This function can be used to extract or calculate with model matrices given a "semMatriModel" object (from modelMatrices) or a "semPlotModel" object or any of the input types that can be used in semPlotModel directly.

If the model is not specified it is attempted to be identified by the given algebra.

Usage

semMatrixAlgebra(object, algebra, group, simplify = TRUE, model, endoOnly = FALSE)

Arguments

object

A "semMatriModel" object (from modelMatrices) or a "semPlotModel" object or any of the input types that can be used in semPlotModel directly.

algebra

An R expression to use.

group

Groups the algebra should be used on. If more than one a list is returned with the result for each group.

simplify

If TRUE and only one group is used, return output as is instead of in a list.

model

Model to be used in modelMatrices, "mplus", "ram" or "lisrel"

endoOnly

Only needed when the model is "lisrel", sets all variables to endogenous.

Value

A list containing output per group

Details

The "lisrel" model uses the following matrix names: LY, TE, PS, BE, LX, TD, PH, GA, TY, TX, AL and KA.
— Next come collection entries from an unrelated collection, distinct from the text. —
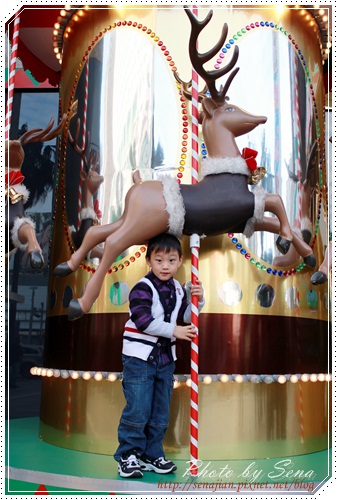 去勤美的路上,經過SOGO,乍看之下,我們都以為門口擺了可以乘坐的旋轉木馬,停好車近看,原來是麋鹿,雖然設計成旋轉麋鹿,但卻不能騎乘,只能拍拍照而已呢!
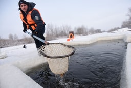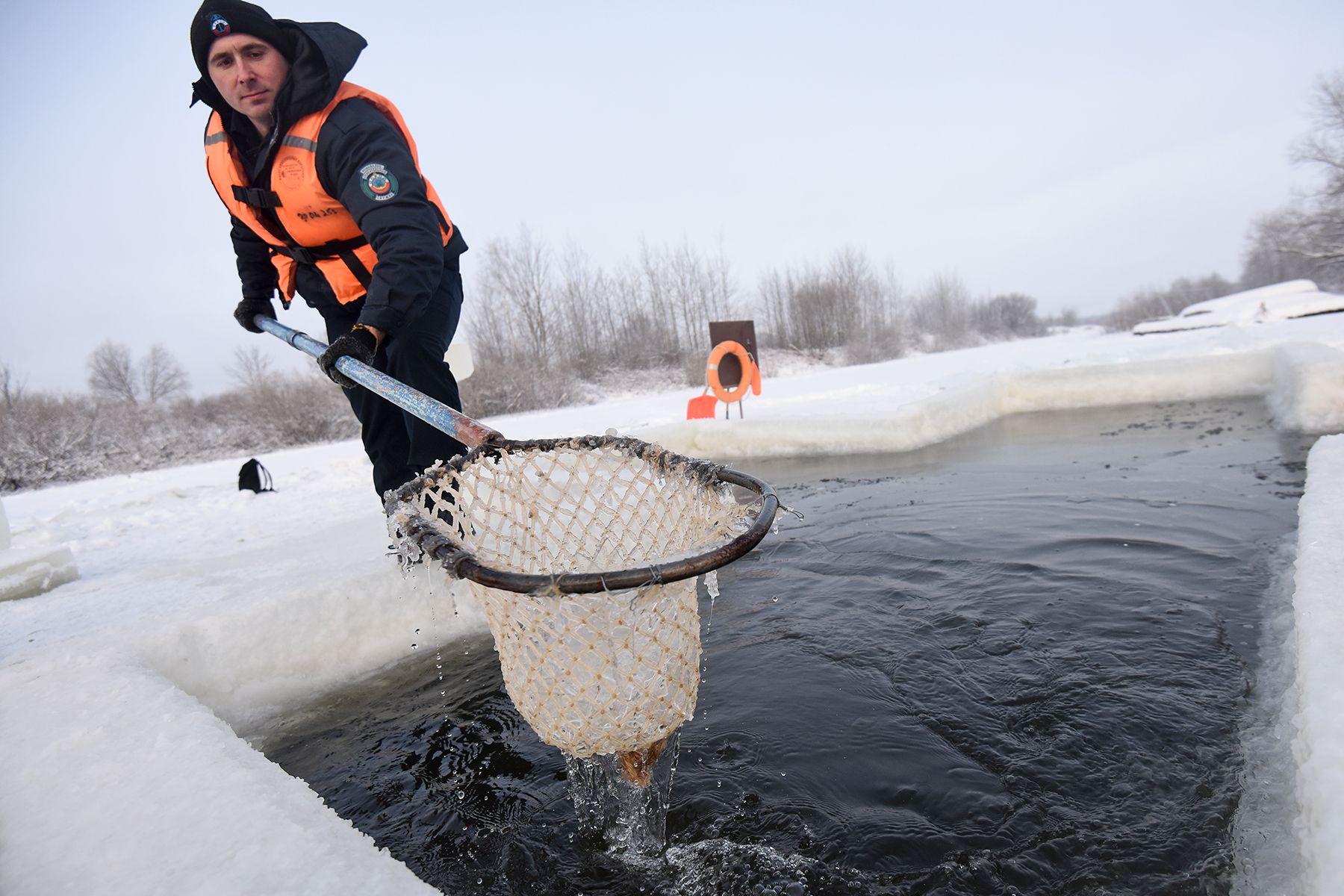 «Видите, лед затягивает воду на глазах, поэтому каждые полчаса вычерпываем его, поддерживая прорубь открытой», – объясняет опытный водолаз Юрий Златин, исполняющий обязанности начальника Добрушской станции ОСВОД.
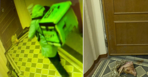 Позже появилось фото с камер видеонаблюдения, установленных в подъезде: на нем виден человек в зеленой форме и с курьерской сумкой, как у Delivery Club. В пресс-службе компании сказали: «К нам человек на видео не имеет никакого отношения. На видео старый рюкзак, который мы не выдаем курьерам уже больше двух лет. Заказов по данному адресу также не было».
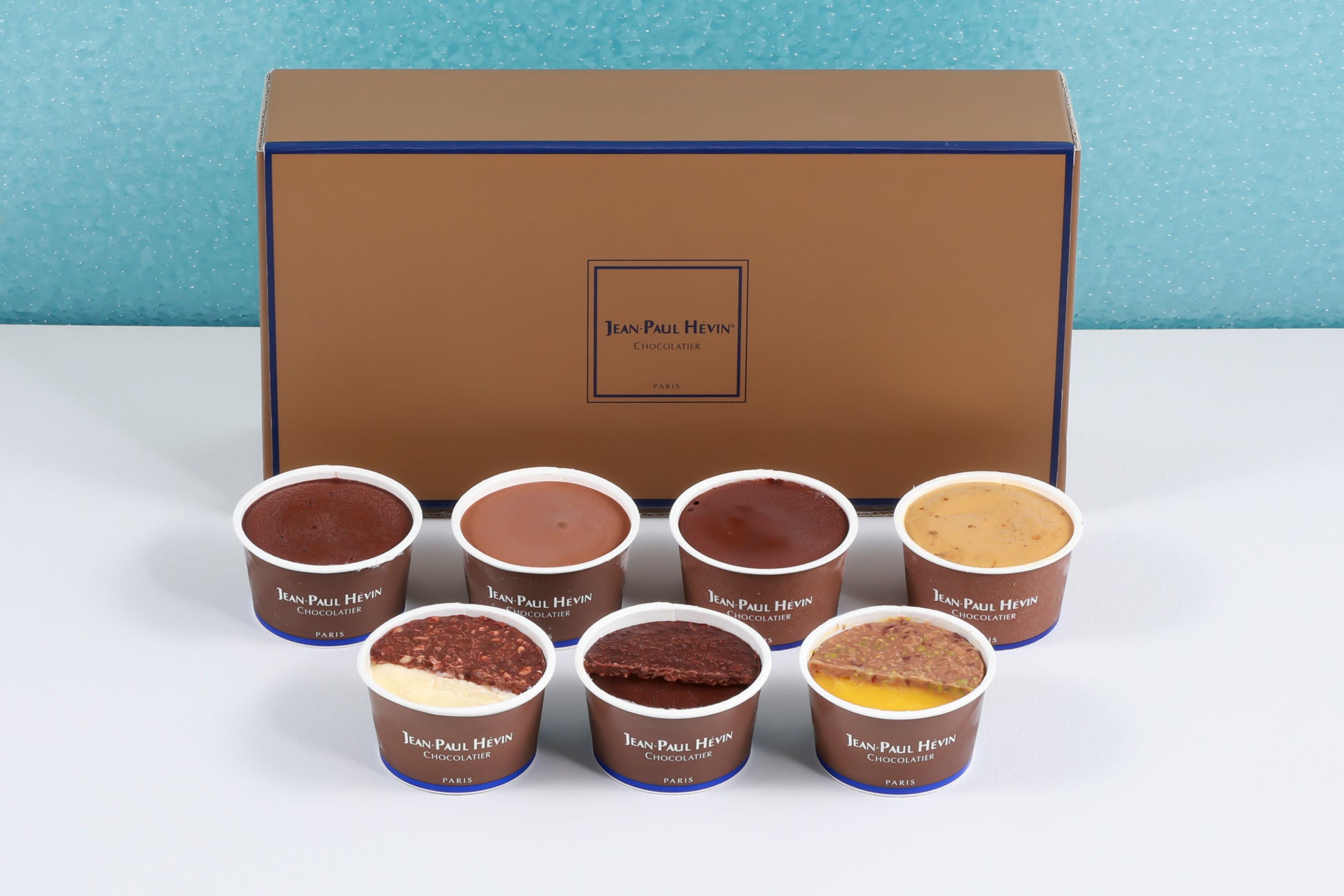 チョコレートとカカオニブやナッツのサクサクとした食感が愉しめるクルスティヤンを合せた新作ソルベとアイス3種、定番人気のアイス4種の詰合せ。
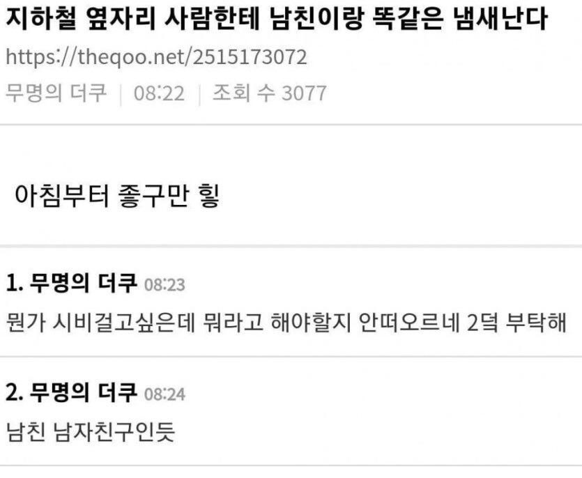 옆자리 사람한테 남친 향이 풍겨
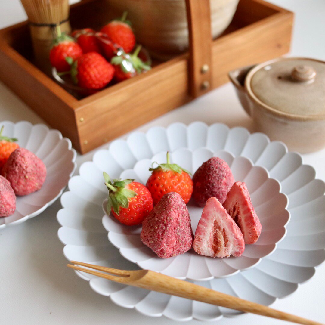 果実の水分を飛ばし、水分が抜けたところへ、独自に開発したホワイトチョコレートを果実の中までしっかりと浸透させて作っています。 苺の繊維の中までたっぷりと浸み込ませることで、丸ごと苺がチョコレートの味わいに変身!素材の良さを凝縮してできた、新感覚スイーツをお楽しみください。
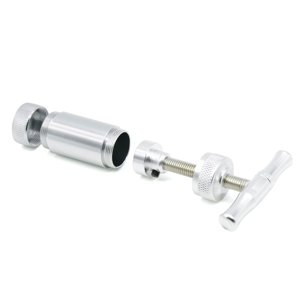 This Pollen Press is absolutely top of the line! Made from Aircraft Grade Billet Aluminum. Manufactured on High Tech CNC Equipment to ensure precision fit and absolutely smooth operation. T-Shaped handle provides outstanding grip when making pollen cakes.

The "mplus" model uses the following matrix names: Lambda, Nu, Theta, Kappa, Alpha, Beta, Gamma and Psi.

The "ram" model uses the following matrix names: F, A and S.

See Also

semPlotModel semPlotModel-class modelMatrices lisrelModel ramModel

Examples

Run this code
# NOT RUN {
## Mplus user guide SEM example:
outfile <- tempfile(fileext=".out")
download.file("http://www.statmodel.com/usersguide/chap5/ex5.11.out",outfile)

# Plot model:
semPaths(outfile,intercepts=FALSE)

# Obtain latent regressions (mplus)
semMatrixAlgebra(outfile, Beta)

# mplus model implied covariance:
mat1 <- semMatrixAlgebra(outfile, 
  Lambda %*% Imin(Beta, TRUE) %*% Psi %*% t(Imin(Beta, TRUE)) %*% t(Lambda) + Theta)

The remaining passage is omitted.